31.1 Passing addition variables
If the user wishes to pass additional variables to the user
functions written the parameters need to be included in the
Prob structure. The code snippets below illustrates how to do
it.
In the main function where TOMLAB is called do:
Prob = *Assign(...);
Prob.user.a = a;
Prob.user.b = b;
Result = tomRun('solver', Prob, 1);
If for example the objective function needs the additional variables
a and b do the following in the file:
function f = myobjective(x, Prob)
a = Prob.user.a;
b = Prob.user.b;
f = sum(x)*a + sum(x.^3)*b;
31.2 Using Patterns
For most problems it is critical to set the proper problem patterns
(
ConsPattern,
HessPattern and
d2LPattern) for
memory allocation purposes and to speed up numerical
differentiation. If analytical derivatives are given only the memory
benefit will be seen.
See for example the minlpQG problem and use the following code:
minlpQG
Prob.ConsDiff = 1;
Result = tomRun('npsol', Prob, 1);
Prob.ConsDiff = 11;
Result = tomRun('npsol', Prob, 1);
As can be seen only 43 constraint evaluations are done for the
second run with NPSOL. The reason being that the solver (numerical
differentiation routines) can see which variables to perturb at the
same time from the
ConsPattern.
31.3 Solver Timings
Comparing different solvers with solution times under 5-10 seconds
may yield incorrect results. When running a problem and a solver for
the first time general overhead and loading of dll's consume the
majority of the time. The following code illustrates the problem:
clear all
Prob = probInit('lp_prob', 1);
R = tomRun('minos', Prob, 1);
R = tomRun('minos', Prob, 1);
The first run may report a solution time around 0.3 seconds, while
the second run shows that the real time spent on optimization is
less than 0.01 seconds. When evaluating different solver solutions,
all tests need to be run at least twice (more recommended).

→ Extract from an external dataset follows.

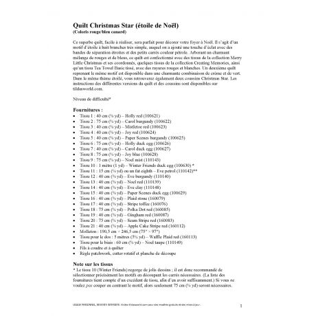 Quilt Christmas Star (étoile de Noël) (Coloris rouge/bleu canard)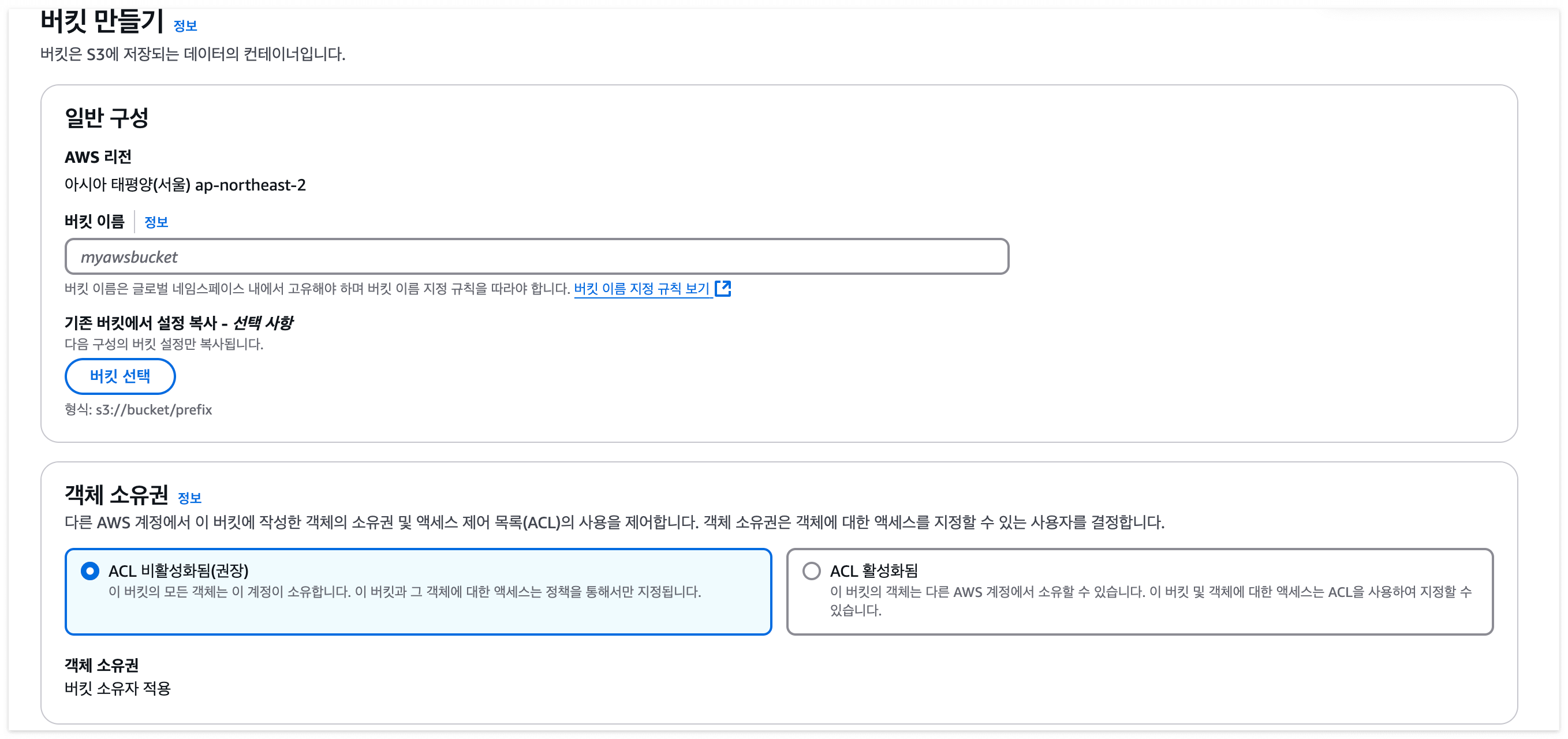 버킷 이름을 작성하고 객체소유권에 대한 설정을 해주면 된다.

There are ways to avoid the extra overhead associated with the
driver routines
tomRun. For example one can call the solver
directly.
clear all
Prob = probInit('lp_prob', 1);
Prob = ProbCheck(Prob, 'minos');
R = minosTL(Prob);
PrintResult(R);
This is especially important when recursively calling the solver.
31.4 Recursive Calls
When doing recursive calls to a solver and modifying some of the
inputs (not the size of the problem) one should call the solver as
shown above. This minimizes the overhead during the solver call.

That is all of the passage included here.